There are no visible traces on me of the pain you caused. The outward wounds are all healed and I appear just fine. And most of the time I am. But once in a while one of the bruises you left on my heart acts up. It hurts, but no one knows but me. L.E.
External scar’s fade in time,
they may seem horrid and garish
when they happen but they change
and soon you’re just left with a little blemish or mark.
It’s the internal ones that are invisible to others that give the deepest pain,
the most hurt…
The grief of losing you has softened me, but I don’t think I will ever fall in love again. More sorrow added to what I already carry would most certainly break me. Decaying love has poisoned my heart. I am forever changed. J.D.

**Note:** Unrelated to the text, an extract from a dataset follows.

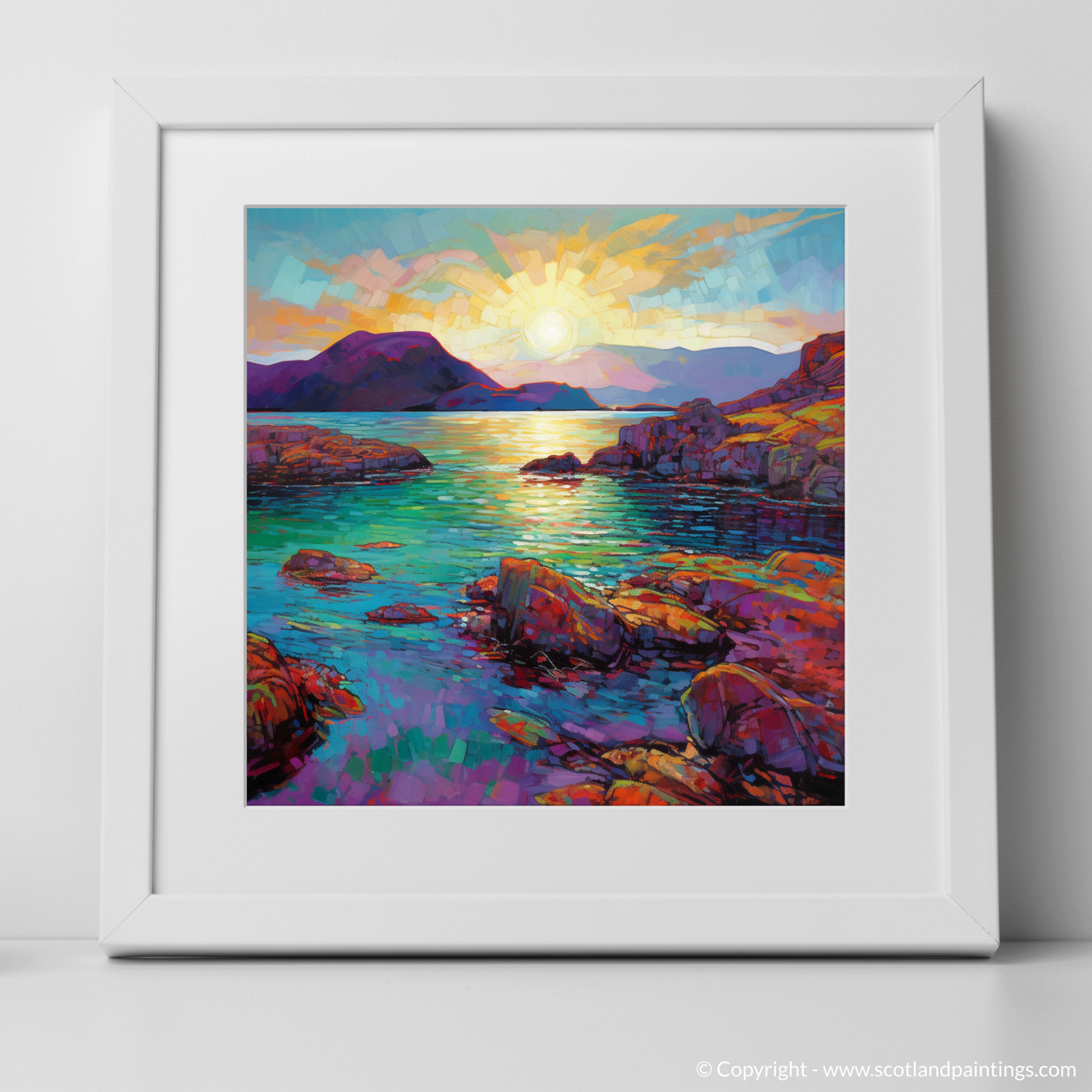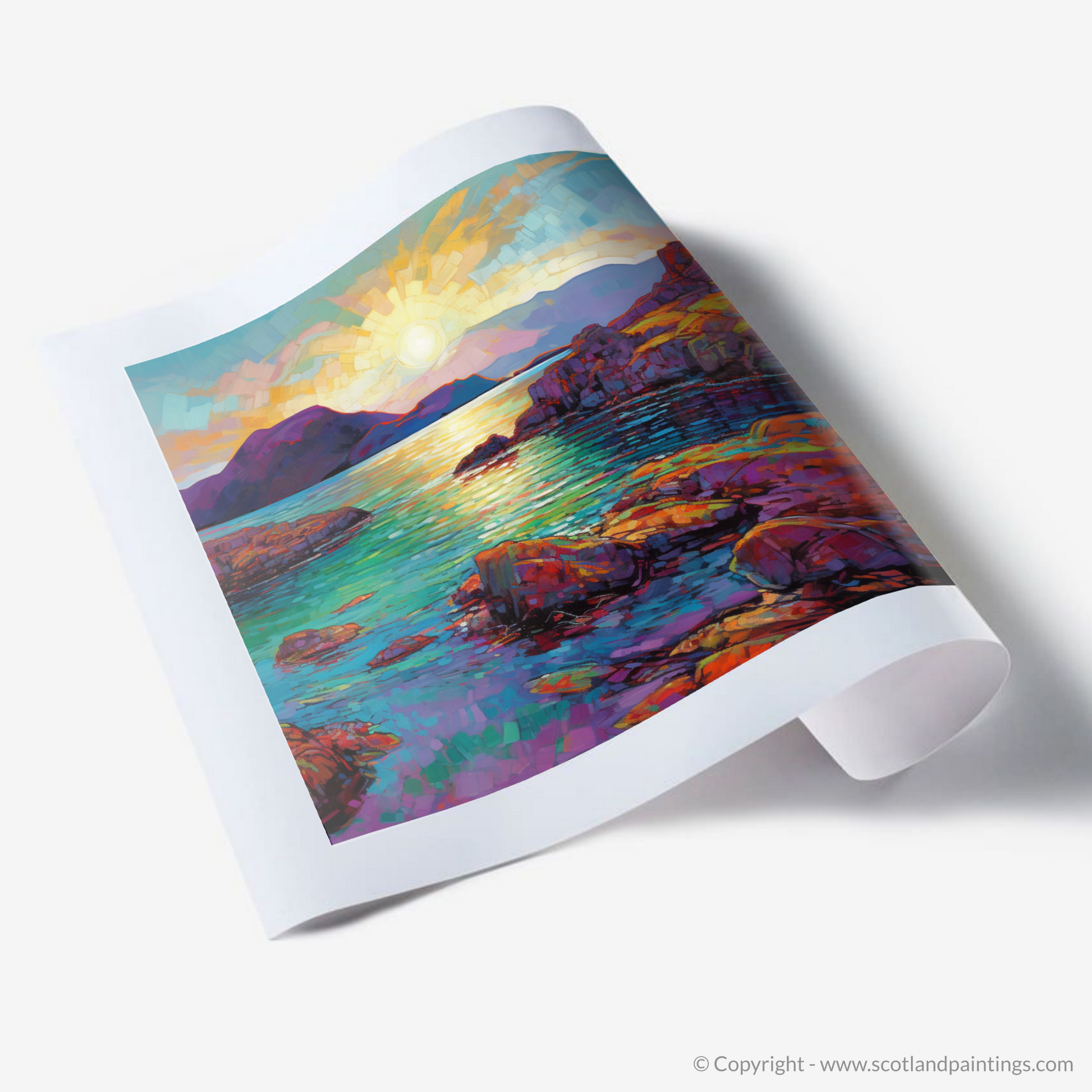 This print is a testament to the enduring allure of the Scottish landscapes, offering art lovers and dreamers alike a chance to bring the resplendent charm of the Isles into their own space. Whether displayed in a home, office, or gallery, it promises to captivate and inspire with its luminous interpretation of one of Scotland's most cherished regions.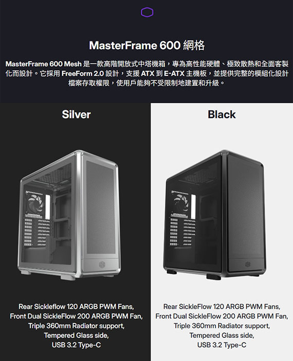 CoolerMaster MasterFrame 600 Mesh 黑色 強化玻璃透側 ARGB ATX機殼 支援背插式主機板 (MF600M-KGNN-S01)

She is the kind of girl who is
always smiling and loves to laugh.
If you are falling down,
she will be there to pick you up.
She is the one that always says sorry,
even if it’s not her fault.
Even if she is feeling
like the scum of the earth,
she will never let you know.
This is the girl who is afraid to love,
because she has already lost so much.
I loved you when I was twenty-one and still when thirty-one rolled around. The years pass without you. People come and go. Some I remember well. Others I can’t even recall their names. Now I’m over forty and still in love with a man I can’t have. H.E.
The pain started years ago,
but I’d lived with it for so long
at that point that I’d accepted it
as an inevitable part of me.
by Ashley D. Wallis
My mind is a thousand times sorry. My soul at least twice as much. But it’s my heart that regrets uncountable times. You are ‘the one’ but I let a moments lust take me over. I cheated in a thoughtless transgression that is now my lifetime sorrow to bear. O.A.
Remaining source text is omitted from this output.